Respect, Love & Belief

The work of creating social change is not about solving social problems. It is about respecting, caring and believing in the power of being a human being, irrespective of the context in which they are right now.

In this work we can start with the assumption that people are unfortunate, or sympathetic for their situation or in other cases judgmental” about their capabilities.

The other way to do this work is to believe that people are very capable, they are genuinely good but the context is the challenge. A good way to illustrate this is through two different stories.

http://news.bbcimg.co.uk/media/images/74922000/jpg/_74922993_466464341.jpghttp://news.bbcimg.co.uk/media/images/74922000/jpg/_74922993_466464341.jpg Image Courtesy, BBC

The first story is of a girl who has lived through state care in Australia. Due to no fault of her own (parents who could not take care of her) she ends up in a system that is not designed to create the best outcomes. Like lots of other kids, she is part of a system that does not believe in the potential of young people and needs to go through life to end up with a possibly mediocre outcome.

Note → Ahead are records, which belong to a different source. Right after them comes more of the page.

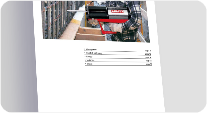 Green Building with BREEAM Page 7 Page 9Green Building with BREEAM How Hilti products and services contribute to BREEAM credits: • Management page 9 • Health & well-being page 12 • Energy page 14 • Materials page 15 • Waste page 17 page 8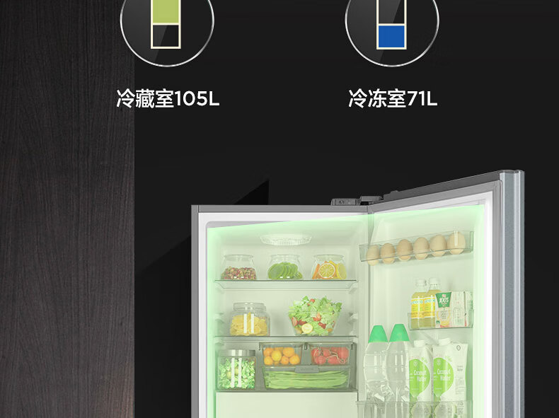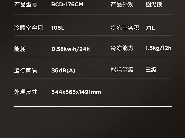 美的(Midea)176升小型两门双开门租房家用小电冰箱自动低温补偿节能低音持久锁冷BCD-176CM 榭湖银 BCD-176CM
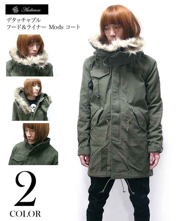 ヒット!! リアル再現とミリタリーの現代アレンジが抜群の存在感と雰囲気!! デタッチャブル フード&ライナー Mod's コート【 Audience 】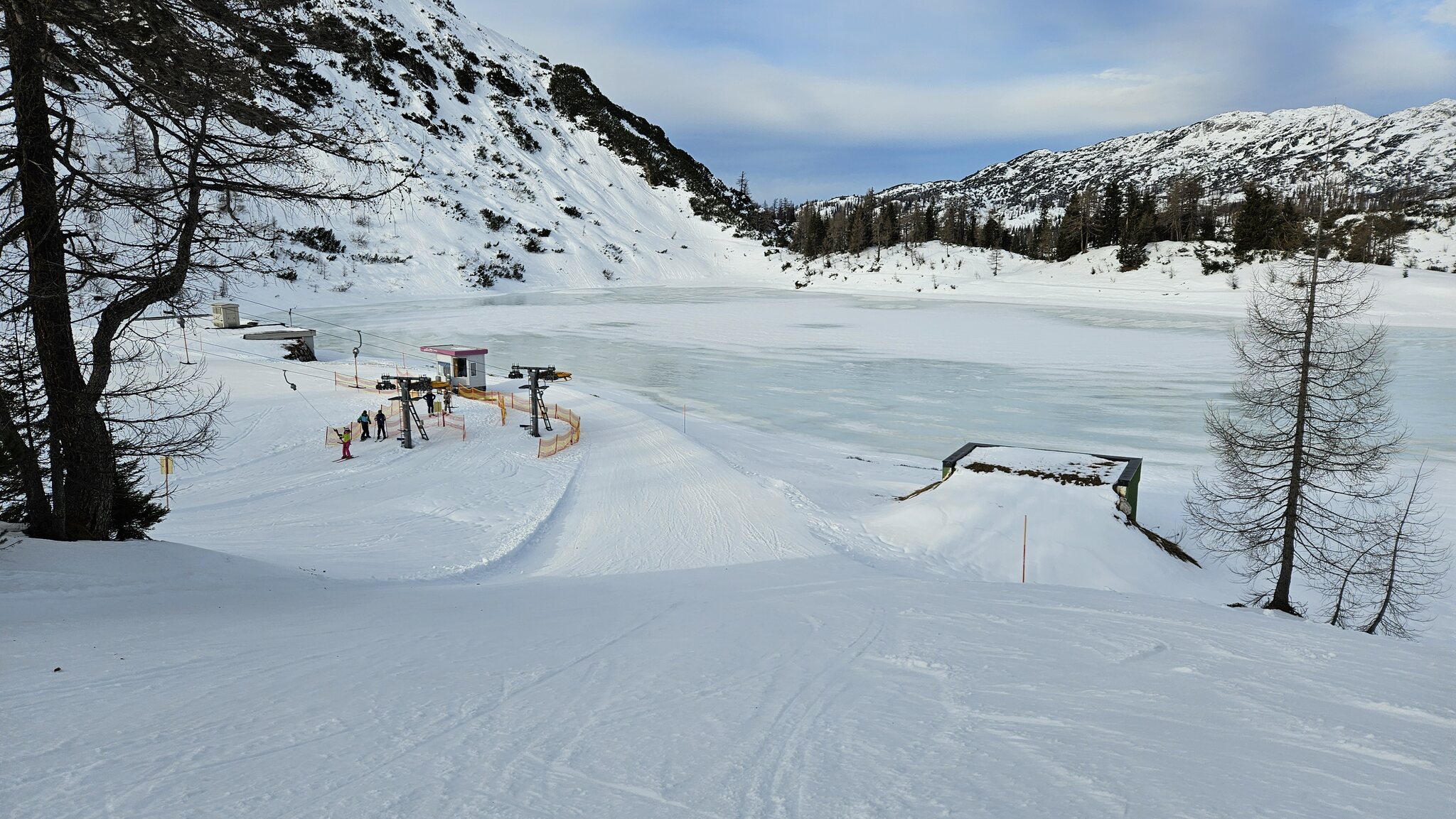 Oben dann mindestens 40 cm Neuschee und nichts los am Tauplitzseelift: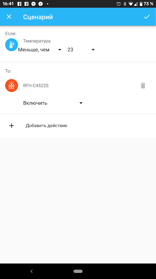 После сопряжения устройство становится доступным в сценарии. К сожалению, несмотря на то, что SkyHeat C4522S имеет два уровня мощности нагревателя, а также может работать как вентилятор, приложение предоставляет только две «кнопки» управления прибором: при достижении заданной температуры или влажности его можно либо включить, либо выключить.
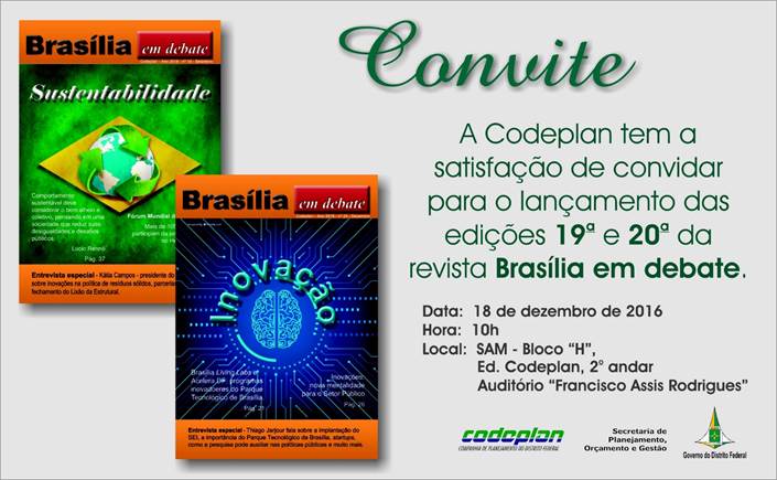 Hoje, dia 18 de dezembro (terça-feira), às 10h00 no Auditório da Codeplan.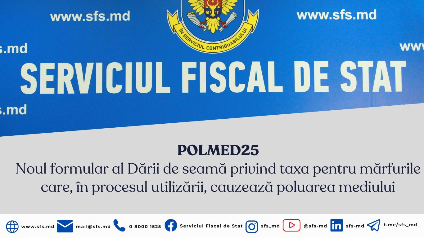 Serviciul Fiscal de Stat informează despre aprobarea noului formular al Dării de seamă privind taxa pentru mărfurile care, în procesul utilizării, cauzează poluarea mediului (POLMED25) și a Instrucțiunii de completare a acesteia, prin Ordinul Ministerului Finanțelor nr.10 din 28 ianuarie 2025. Formularul și instrucțiunea pot fi consultate pe pagina-web a SFS, la compartimentul Formulare – Persoane juridice – Plăți pentru poluarea mediului.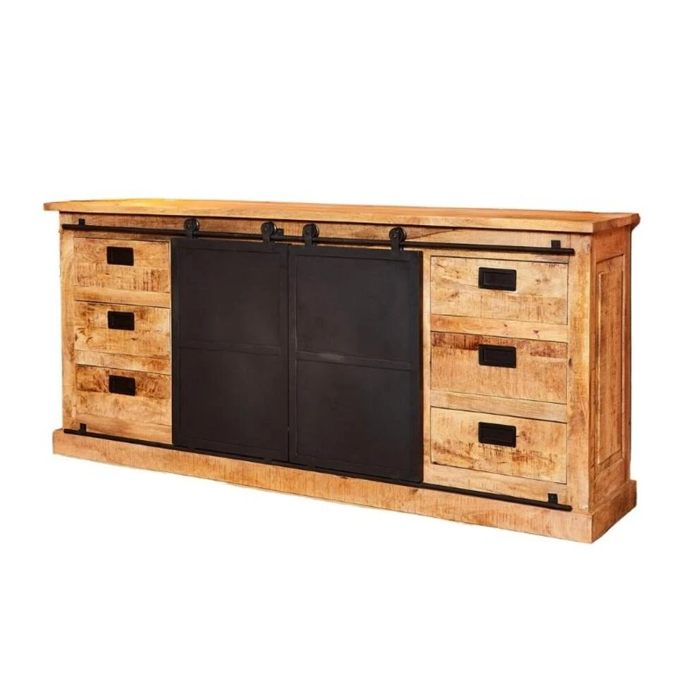 Je combineert deze dressoir met houten trappen in je landelijke woning en met zwart metalen raamkozijnen in je industriële woning. Tegen een moderne witte muur of op een lichtgrijze betonvloer komt het eveneens helemaal tot zijn recht. Hang er een mooie stoere wanddecoratie of een spiegel boven, plaats er een tafellamp, een vaas of een plant op en de sfeer is meteen gezet.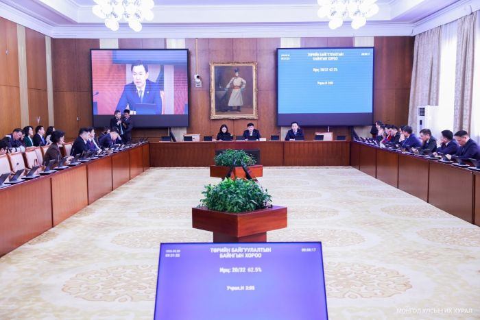 Улсын Их Хурлын Төрийн байгуулалтын байнгын хорооны өнөөдрийн /2026.03.30/ хуралдаан Улсын Их Хурлын гишүүн А.Ариунзаяа, Ж.Бат-Эрдэнэ, Б.Батбаатар, Ж. Батжаргал, Б.Баярбаатар, С.Бямбацогт, А.Ганбаатар, С.Зулпхар, Ц.Идэрбат, Ч.Лодойсамбуу, Л.Мөнхбаатар, Ч.Номин, Н.Номтойбаяр, Б.Пүрэвдорж, Ц.Сандаг-Очир, Н.Учрал, Б.Хэрлэн, Ө.Шижир, Л.Энх-Амгалан, Д.Энхтуяа нар буюу гишүүдийн 62.5 хувийн ирцтэйгээр 09 цаг 23 минутад эхэллээ.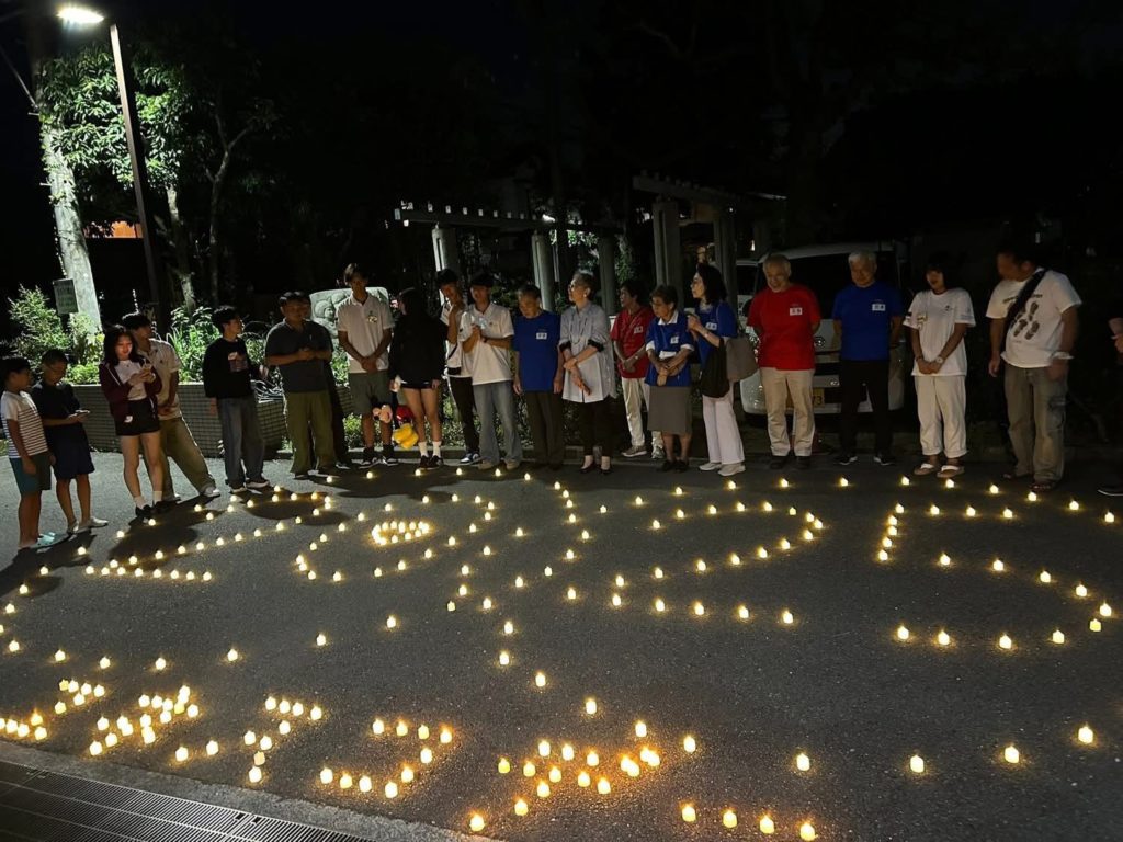 第一部は戦後80年、世代を超えて『平和について語ろう会』、第2部は13時から屋外でバザー、マルシェ、マリンドリームなど、第3部は、18時から、平和への願いを込めてキャンドルライトを灯しました。
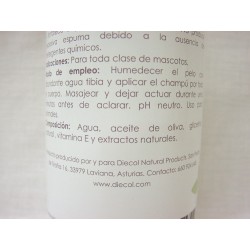 Modo de empleo: Humedecer el pelo con abundante agua tibia y aplicar el champú por todo el cuerpo. Masajear hasta conseguir espuma y dejar actuar durante unos minutos antes de aclarar. pH neutro. Uso para animales.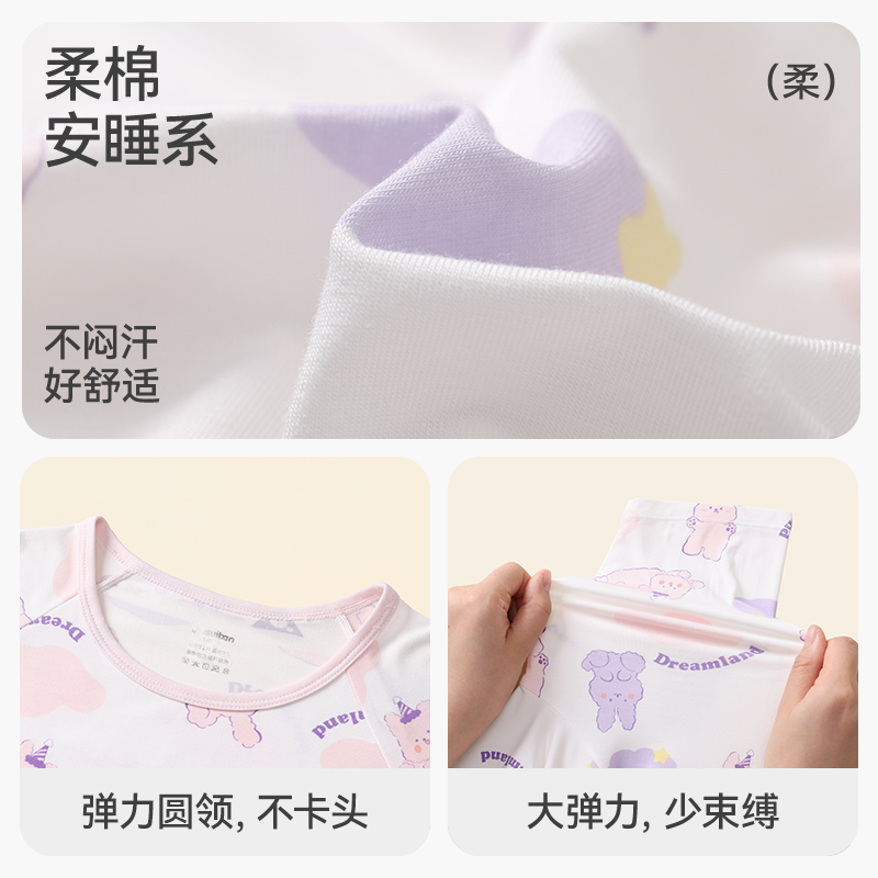 久岁伴儿童睡衣女童春夏季防着凉护肚薄款空调服中小童家居连体衣

One day she encounters a staff member who believes in her. Everytime he would tell her that there is lots of potential in her and she can become good at anything she wants. She does not believe him at the start but he continues to tell her the same story. Over weeks and months, the girl changes. She starts to believe in herself. This is the first time anybody believed in her genuinely. The story stays with her and even years after she has been out of state care the biggest difference in her life was because somebody believed in her. They saw what she could become rather what she is right now.

Image Courtesy, Wikipedia

The second story is from India. One day, in 2003, I was talking through the roads of Mumbai with Atanu Dey. Atanu and I were discussing poverty and people who are poor. We walked past a women who was selling fruits and vegetables on a four wheel cart common across most of India. In all likelihood, she was poor in terms of material possessions.

With a different vantage point Atanu took me through the process of observing her that changed my world view for ever. Here was a women, who was in all probability, did not have a primary education. As we observe her, a man walks over to the cart and starts to ask various prices and picks the vegetables he wants. Another women comes over and does the same. In five more minutes she has two more customers. Now, she is juggling 4 customers who are buying different vegetables of varied quantities.

The second customer finishes her shopping and asks for the cost of her purchase. She says Rs. 22.50. The third one finishes and she says Rs. 11.75. And on it goes with the first one and the second one and in the meantime, more customers join the others.

In a flash, I saw how capable she was. She could manage multiple customer journeys at the same and still manage to get it right in the end. How many educated people can do that? I can’t do that.

That taught me that people are poor not because of who they are but due to the context.